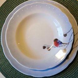 Ärvd servis som mest stått i min mors vitrinskåp men några tallrikar är ibland använda vid jul. Det finns skrapmärken men tyvärr tror jag mest från förvaringen än från bestick. Mattallrikarna är mer använda än de djupa. Inga nagg.
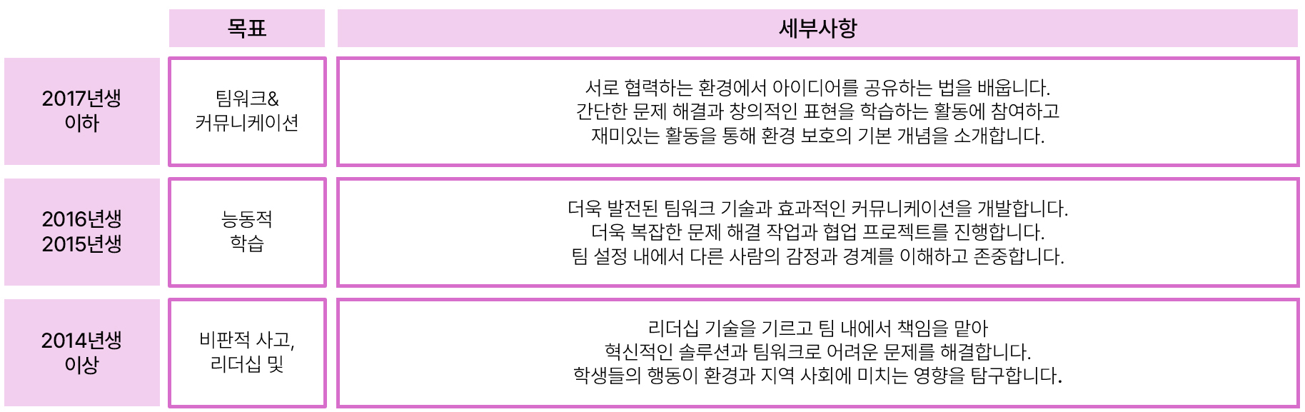 - 미래 설계 및 인성 교육: 미래의 글로벌 인재로 성장할 수 있도록 다양한 활동과 교육 프로그램을 통해 인성과 리더십을 함양
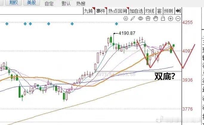 所以根据以上分析,对于明天市场走势,我个人的判断是,明天市场或者小幅度的收一颗微涨的小实体星形线。那么明天A股到底怎么走?大家请看图二关于明天走势的手绘预测图:明日走势手绘预测图
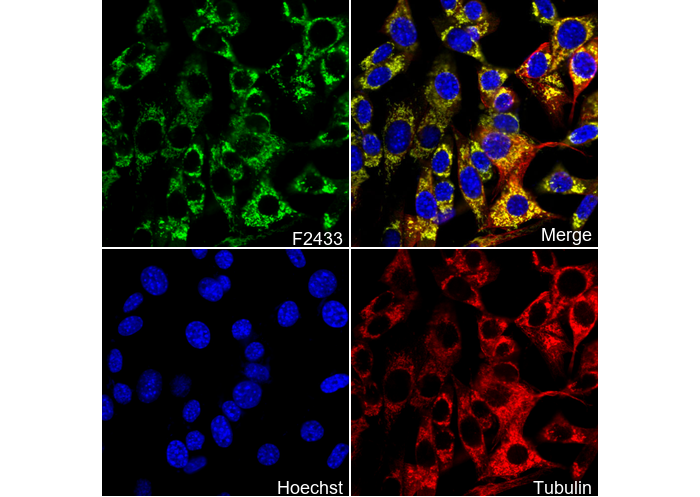 • Immunofluorescent analysis of NIH/3T3 cells using F2433 (green, 1:100), Hoechst (blue) and tubulin (Red).
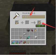 1.命名牌需要在铁砧上才能写上名字,所以先合成一个铁砧,需要4个铁锭 3个铁块,合成方法如上图。
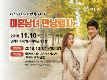 군은 다음달 10일 만리포 롱비치패밀리호텔에서 ‘2018 태안군 미혼남녀 만남행사’를 개최한다고 8일 밝혔다.
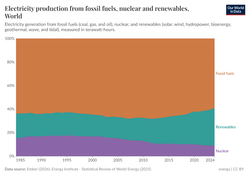 In the chart here we see trends in electricity production2 from renewable technologies, nuclear, and fossil fuels. These figures are given as the percentage contribution to total global electricity production.
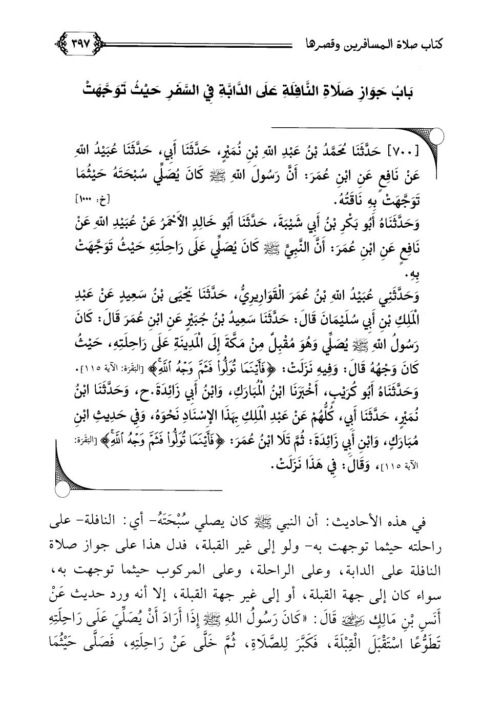 [٧٠٠] حَدَّثَنَا مُحَمَّدُ بْنُ عَبْدِ اللَّهِ بْنِ نُمَيْرٍ، حَدَّثَنَا أَبِي، حَدَّثَنَا عُبَيْدُ اللَّهِ عَنْ نَافِعٍ عَنِ ابْنِ عُمَرَ: أَنّ رَسُولَ اللَّهِ صلى الله عليه وسلم كَانَ يُصَلِّي سُبْحَتَهُ حَيْثُمَا تَوَجَّهَتْ بِهِ نَاقَتُهُ.
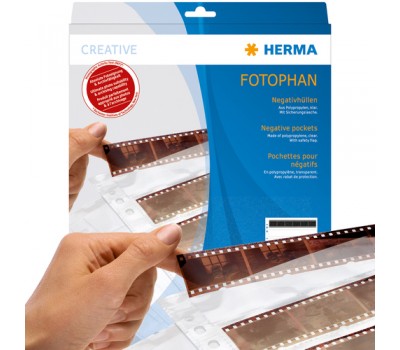 - Negative pockets for perfect protection against dust and fingerprints. The safe way to archive valuable negatives. Fully transparent, in clear polypropylene. Safety tab prevents negatives from falling out. Indexes for filing included. Laboratory-tested - free from plasticizers and archive-safe. With Euro-standard holes, suitable for HERMA ring binderalbums and all standard files.
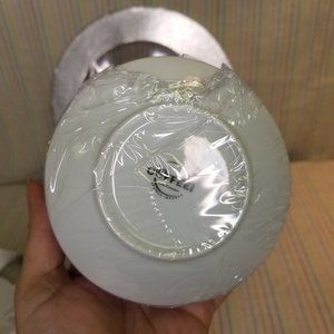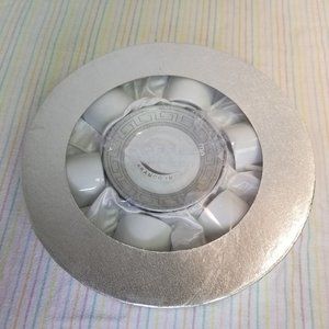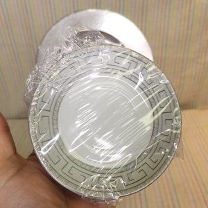 This is a "Coffee Me" set of silver and white espresso cups and saucers by Aramco Imports. They have a Greek key design. The box is open and there is some wear to the Styrofoam mold however the saucers are still in shrink-wrap. The cups are "loose" but appear to have never been used. The saucer diameter is approximately 4.5" and the cups are approximately 2.5" tall.
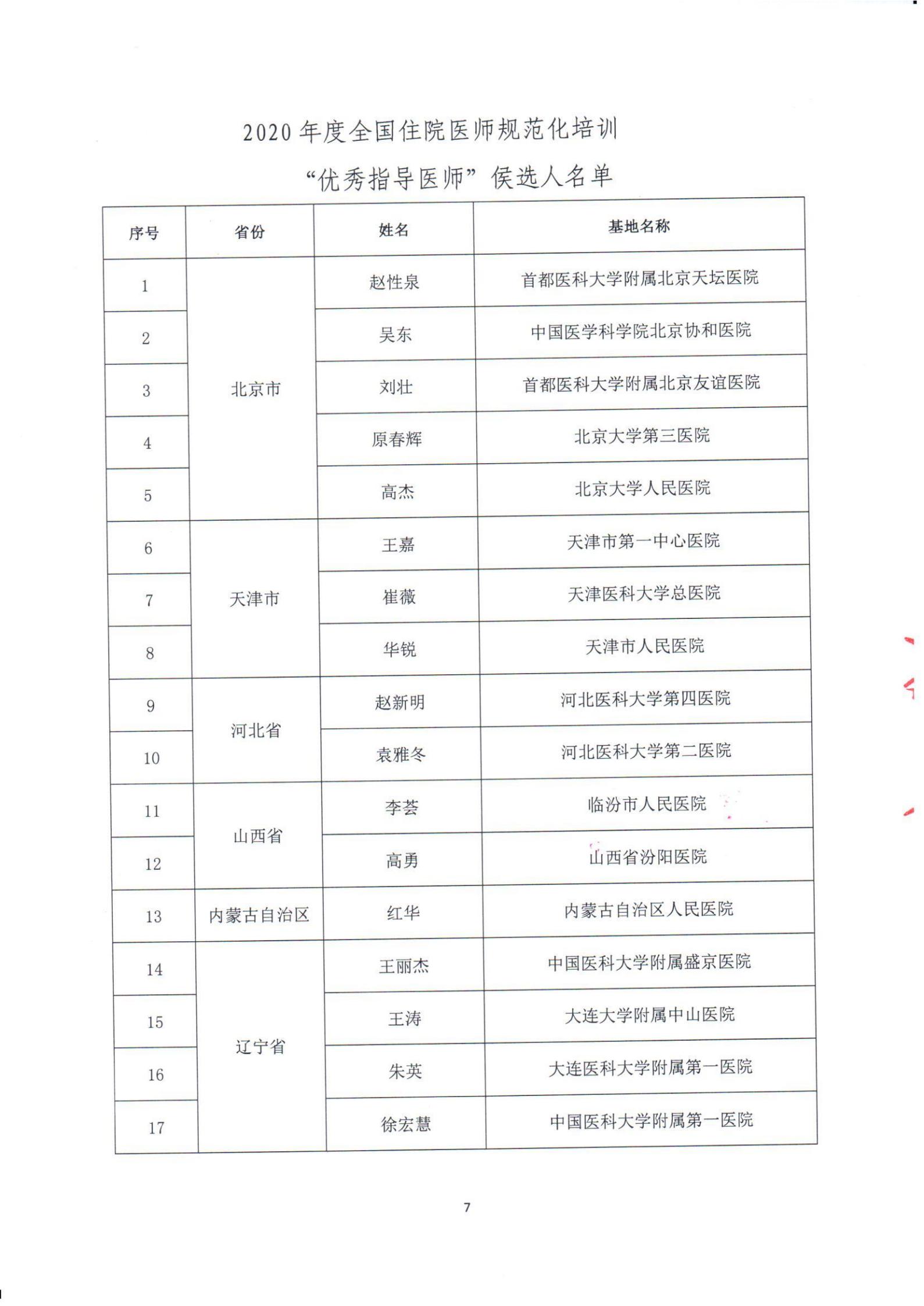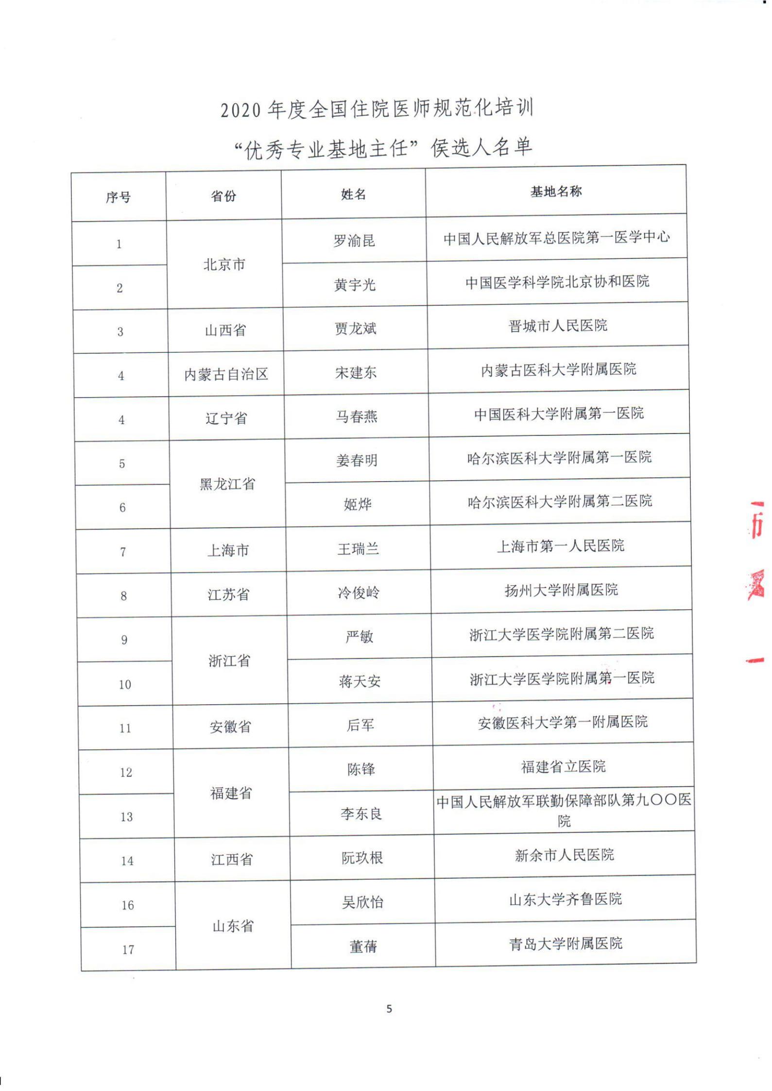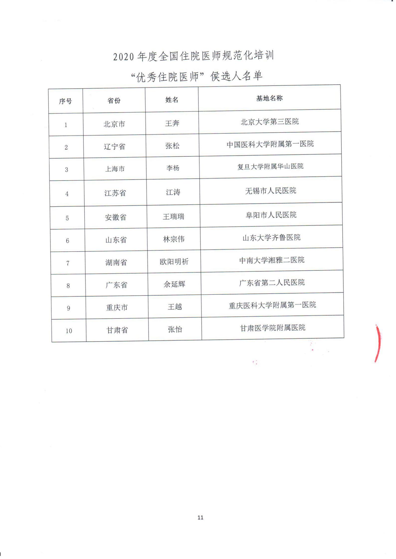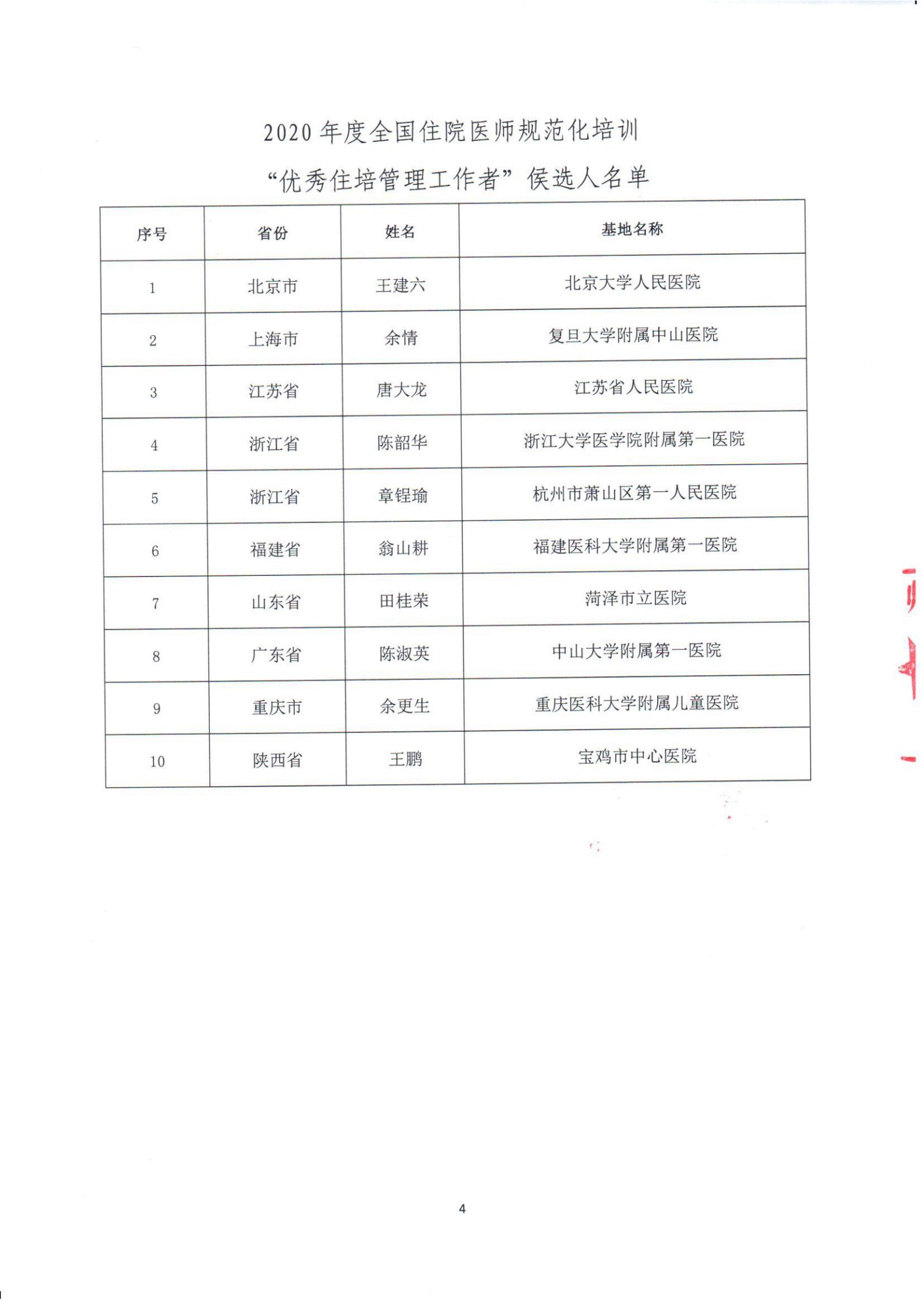 转发中国医师协会“关于表彰2020年度全国住院医师规范化培训“五个优秀”的决定”

○ ○ ○ ○

Task statement -> Your answer should be the lines above, word for word, from the line with "군은 다음달 10일 만리포" through the line with "[٧٠٠] حَدَّثَنَا مُحَمَّدُ", minus the pictures.

Response to this exercise ->
 군은 다음달 10일 만리포 롱비치패밀리호텔에서 ‘2018 태안군 미혼남녀 만남행사’를 개최한다고 8일 밝혔다.
 In the chart here we see trends in electricity production2 from renewable technologies, nuclear, and fossil fuels. These figures are given as the percentage contribution to total global electricity production.
 [٧٠٠] حَدَّثَنَا مُحَمَّدُ بْنُ عَبْدِ اللَّهِ بْنِ نُمَيْرٍ، حَدَّثَنَا أَبِي، حَدَّثَنَا عُبَيْدُ اللَّهِ عَنْ نَافِعٍ عَنِ ابْنِ عُمَرَ: أَنّ رَسُولَ اللَّهِ صلى الله عليه وسلم كَانَ يُصَلِّي سُبْحَتَهُ حَيْثُمَا تَوَجَّهَتْ بِهِ نَاقَتُهُ.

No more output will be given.